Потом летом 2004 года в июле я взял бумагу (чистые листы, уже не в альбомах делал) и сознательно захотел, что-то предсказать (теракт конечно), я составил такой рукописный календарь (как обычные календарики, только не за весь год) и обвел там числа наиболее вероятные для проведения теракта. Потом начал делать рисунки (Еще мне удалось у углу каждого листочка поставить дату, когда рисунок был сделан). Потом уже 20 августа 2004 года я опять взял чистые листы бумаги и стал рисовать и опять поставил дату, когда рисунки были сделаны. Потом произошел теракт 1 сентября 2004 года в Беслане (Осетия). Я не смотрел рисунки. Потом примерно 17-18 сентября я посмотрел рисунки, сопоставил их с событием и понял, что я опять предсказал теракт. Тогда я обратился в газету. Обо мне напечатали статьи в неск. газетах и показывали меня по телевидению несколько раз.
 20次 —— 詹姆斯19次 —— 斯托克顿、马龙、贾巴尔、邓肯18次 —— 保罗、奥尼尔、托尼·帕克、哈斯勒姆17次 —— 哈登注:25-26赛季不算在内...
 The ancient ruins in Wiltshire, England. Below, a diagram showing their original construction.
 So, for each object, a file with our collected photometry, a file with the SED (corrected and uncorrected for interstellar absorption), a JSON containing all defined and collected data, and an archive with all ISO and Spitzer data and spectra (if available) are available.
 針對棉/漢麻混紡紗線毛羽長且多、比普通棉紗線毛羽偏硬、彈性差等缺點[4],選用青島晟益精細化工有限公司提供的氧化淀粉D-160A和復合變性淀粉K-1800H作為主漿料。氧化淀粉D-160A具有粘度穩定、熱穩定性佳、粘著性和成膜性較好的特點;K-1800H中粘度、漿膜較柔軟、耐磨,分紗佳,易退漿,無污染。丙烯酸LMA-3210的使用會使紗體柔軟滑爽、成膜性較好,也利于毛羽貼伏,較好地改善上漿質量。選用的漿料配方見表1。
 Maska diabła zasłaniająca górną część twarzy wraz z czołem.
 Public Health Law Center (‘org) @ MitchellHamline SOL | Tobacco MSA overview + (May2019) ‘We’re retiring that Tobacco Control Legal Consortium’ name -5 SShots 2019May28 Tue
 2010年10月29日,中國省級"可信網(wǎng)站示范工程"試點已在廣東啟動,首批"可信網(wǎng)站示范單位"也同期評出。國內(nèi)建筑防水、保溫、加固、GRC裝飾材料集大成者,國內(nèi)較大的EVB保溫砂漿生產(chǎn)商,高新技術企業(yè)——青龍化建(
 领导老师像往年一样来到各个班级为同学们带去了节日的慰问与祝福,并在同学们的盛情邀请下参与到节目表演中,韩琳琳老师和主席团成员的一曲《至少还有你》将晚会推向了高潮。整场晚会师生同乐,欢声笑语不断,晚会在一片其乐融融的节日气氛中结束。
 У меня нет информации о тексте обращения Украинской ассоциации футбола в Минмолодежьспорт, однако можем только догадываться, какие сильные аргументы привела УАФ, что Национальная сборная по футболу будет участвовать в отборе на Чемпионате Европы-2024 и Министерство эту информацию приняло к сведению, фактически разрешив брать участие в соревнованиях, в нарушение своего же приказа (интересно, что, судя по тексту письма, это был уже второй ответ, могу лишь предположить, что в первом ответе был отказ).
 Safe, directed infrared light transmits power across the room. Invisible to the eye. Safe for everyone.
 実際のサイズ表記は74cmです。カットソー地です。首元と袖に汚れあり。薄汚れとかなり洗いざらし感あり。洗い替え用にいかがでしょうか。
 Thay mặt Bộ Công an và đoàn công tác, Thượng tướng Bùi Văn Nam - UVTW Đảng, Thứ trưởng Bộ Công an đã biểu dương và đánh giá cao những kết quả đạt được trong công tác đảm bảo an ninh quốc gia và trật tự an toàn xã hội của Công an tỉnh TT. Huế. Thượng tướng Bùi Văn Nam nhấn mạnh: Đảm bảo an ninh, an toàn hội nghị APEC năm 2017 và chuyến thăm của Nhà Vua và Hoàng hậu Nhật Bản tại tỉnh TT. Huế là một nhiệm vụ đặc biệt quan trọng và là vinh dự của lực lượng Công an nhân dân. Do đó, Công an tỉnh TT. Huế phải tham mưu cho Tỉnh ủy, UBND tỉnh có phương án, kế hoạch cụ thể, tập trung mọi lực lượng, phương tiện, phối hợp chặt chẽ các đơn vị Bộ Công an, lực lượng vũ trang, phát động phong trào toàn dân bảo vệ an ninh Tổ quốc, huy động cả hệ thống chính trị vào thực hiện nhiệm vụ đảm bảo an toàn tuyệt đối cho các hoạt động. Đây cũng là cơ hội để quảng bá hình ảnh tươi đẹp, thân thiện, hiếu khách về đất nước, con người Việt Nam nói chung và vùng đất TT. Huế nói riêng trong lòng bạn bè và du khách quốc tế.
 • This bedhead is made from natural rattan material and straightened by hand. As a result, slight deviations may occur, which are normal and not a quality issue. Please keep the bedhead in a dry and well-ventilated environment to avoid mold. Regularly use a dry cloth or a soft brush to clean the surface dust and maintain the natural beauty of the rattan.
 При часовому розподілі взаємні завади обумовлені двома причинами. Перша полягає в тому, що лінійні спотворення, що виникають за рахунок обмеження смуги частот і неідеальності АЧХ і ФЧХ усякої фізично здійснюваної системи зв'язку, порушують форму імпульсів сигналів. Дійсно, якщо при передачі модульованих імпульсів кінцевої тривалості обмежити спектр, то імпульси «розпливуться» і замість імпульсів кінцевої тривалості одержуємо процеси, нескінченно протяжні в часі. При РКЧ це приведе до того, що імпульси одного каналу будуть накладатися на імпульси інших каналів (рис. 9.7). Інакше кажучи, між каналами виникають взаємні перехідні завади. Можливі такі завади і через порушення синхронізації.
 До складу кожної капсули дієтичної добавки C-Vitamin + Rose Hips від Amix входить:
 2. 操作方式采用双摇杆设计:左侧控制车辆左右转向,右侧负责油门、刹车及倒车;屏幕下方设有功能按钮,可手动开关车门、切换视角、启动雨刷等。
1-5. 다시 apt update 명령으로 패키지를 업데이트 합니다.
--------------------------------
- [Activity]: Without changing anything, quote the lines from the top of the data to the line that contains "The ancient ruins", including that line.

- [Expected output]:
Потом летом 2004 года в июле я взял бумагу (чистые листы, уже не в альбомах делал) и сознательно захотел, что-то предсказать (теракт конечно), я составил такой рукописный календарь (как обычные календарики, только не за весь год) и обвел там числа наиболее вероятные для проведения теракта. Потом начал делать рисунки (Еще мне удалось у углу каждого листочка поставить дату, когда рисунок был сделан). Потом уже 20 августа 2004 года я опять взял чистые листы бумаги и стал рисовать и опять поставил дату, когда рисунки были сделаны. Потом произошел теракт 1 сентября 2004 года в Беслане (Осетия). Я не смотрел рисунки. Потом примерно 17-18 сентября я посмотрел рисунки, сопоставил их с событием и понял, что я опять предсказал теракт. Тогда я обратился в газету. Обо мне напечатали статьи в неск. газетах и показывали меня по телевидению несколько раз.
 20次 —— 詹姆斯19次 —— 斯托克顿、马龙、贾巴尔、邓肯18次 —— 保罗、奥尼尔、托尼·帕克、哈斯勒姆17次 —— 哈登注:25-26赛季不算在内...
 The ancient ruins in Wiltshire, England. Below, a diagram showing their original construction.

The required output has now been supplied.